Зачем она это сделала? Зачем она это говорит? Она понятия не имеет, что произошло и, конечно же, она знает, чем все закончится! Но, если молитвы помогают, она будет молиться...
Оливер на секунду оторвался от дороги, чтобы улыбнуться ей.
– Спасибо. Надеюсь, ты не против, что они позвонили тебе домой? Они, кажется, отыскали меня, позвонив твоему деду. А он уж дал твой телефон.
И теперь, наверное, тоже теряется в догадках, что происходит, подумала Дани.
– Хорошо, что им удалось найти тебя, остальное значения не имеет, – решительно сказала она. И нерешительно спросила: – Но что случилось, Оливер?
Он с трудом сглотнул.
– Я только одно знаю – что ей стало плохо, и два часа назад ее доставили в клинику Мэтта. – Он вполголоса выругался. – Эта идиотка не пожелала ничего мне сказать. Сказала, что по телефону ничего не расскажет, что Мэтт ждет меня и сам мне все сообщит. Но сейчас-то мне это не поможет! Теперь я должен мучиться не известностью.
Дани всей душой сочувствовала ему. Она по себе знала – неизвестность хуже всего! И потом... у него нет никого, кроме Конни. То есть, он думает, что у него никого нет.
Хотя это и не так, Дани-то знала об этом. То, что она поняла вчера, означало, что у Оливера есть семья и кроме Конни.
Но сейчас это ничего для него не меняет. Нужно смотреть правде в лицо. Сейчас главное – узнать, что с Конни, и надеяться на то, что с нею все будет в порядке. Что ничего серьезного не случилось. Однако... присутствие за ужином Мэтта, сам стиль их общения с Конни теперь, когда Дани узнала, что он врач, выглядел совсем иначе. Несомненно, они с Конни давно уже знакомы. И, несомненно, то, что Дани приняла за несколько фамильярную нежность, теперь выглядит совсем иначе. И очень напоминает зависимость больного человека от своего врача...
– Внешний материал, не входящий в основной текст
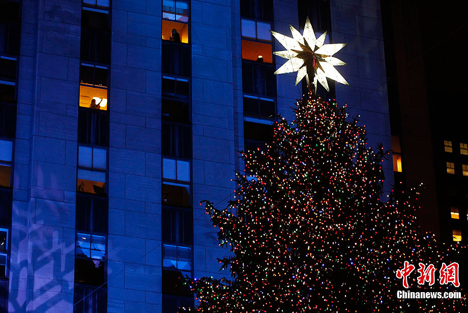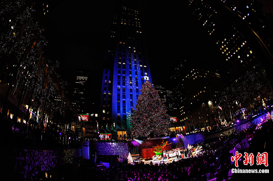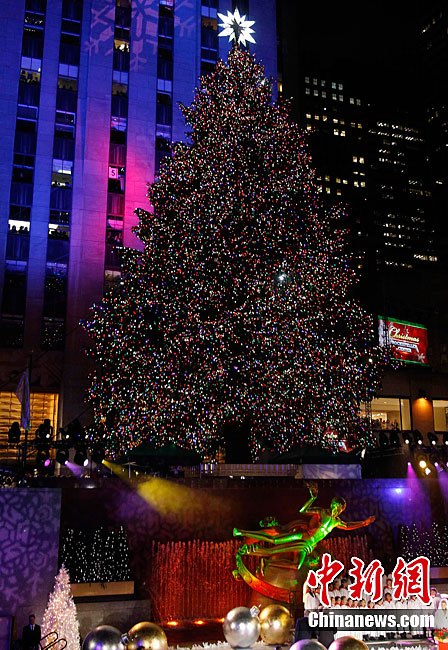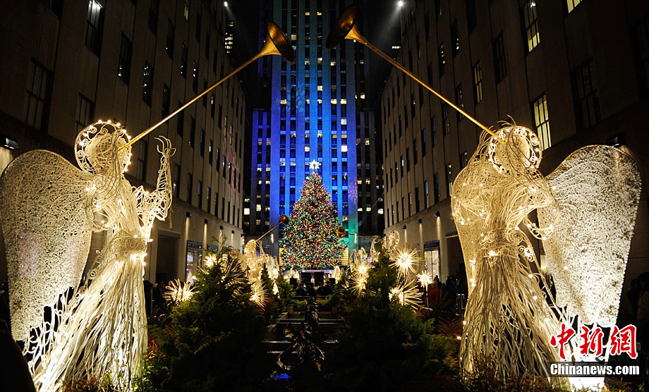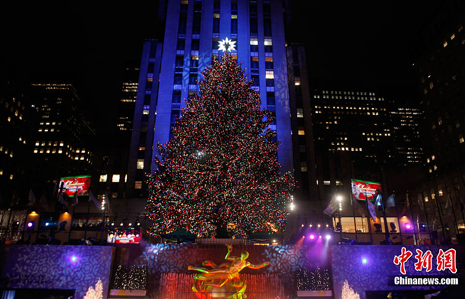 紐約洛克菲勒中心廣場圣誕樹正式點(diǎn)亮

Поворачивая машину во двор клиники, Оливер сказал каким-то сдавленным голосом:
– Дани, я хочу, чтобы ты знала... Я очень рад, что ты сейчас со мной. Что ты согласилась со мной поехать.
Она снова без слов пожала ему руку. Они выбрались из машины и бок о бок пошли по гравийной дорожке к главному входу.
– Я очень привязалась к твоей матери, Оливер. Она такой необыкновенный человек – сразу вызывает любовь к себе.
При ее обычной сдержанности эти слова прозвучали как-то формально. Но Дани чувствовала, что Оливеру сейчас не нужны никакие изъявления чувств. Ему достаточно знать, что есть рядом еще один человек, который будет всей душой желать его матери выздоровления.
Он повернулся к ней и чуть улыбнулся – она поняла, что сказала именно те слова, что были ему необходимы. И еще одно она поняла с болезненной отчетливостью: она любит Оливера. Не охвачена страстью, а именно любит его. Никогда раньше она не ощущала с такой ясностью, что она находится на одной с ним душевной волне.
Она не знала, когда это произошло с ней. Она просто знала – она уже давно любит его. Любит настолько, что ей смешно даже вспомнить о той едва теплящейся симпатии, которую она испытывала к Джонни.
И вместе с пониманием, осознанием этого чувства пришла боль. И сколько еще боли сулит ей это чувство...
Как все женщины, она думала: любовь принесет ей самые прекрасные, самые драгоценные мгновения жизни. С любовью связывала она все надежды на будущее. А теперь оказывается, что ее любовь принесет ей лишь несчастье!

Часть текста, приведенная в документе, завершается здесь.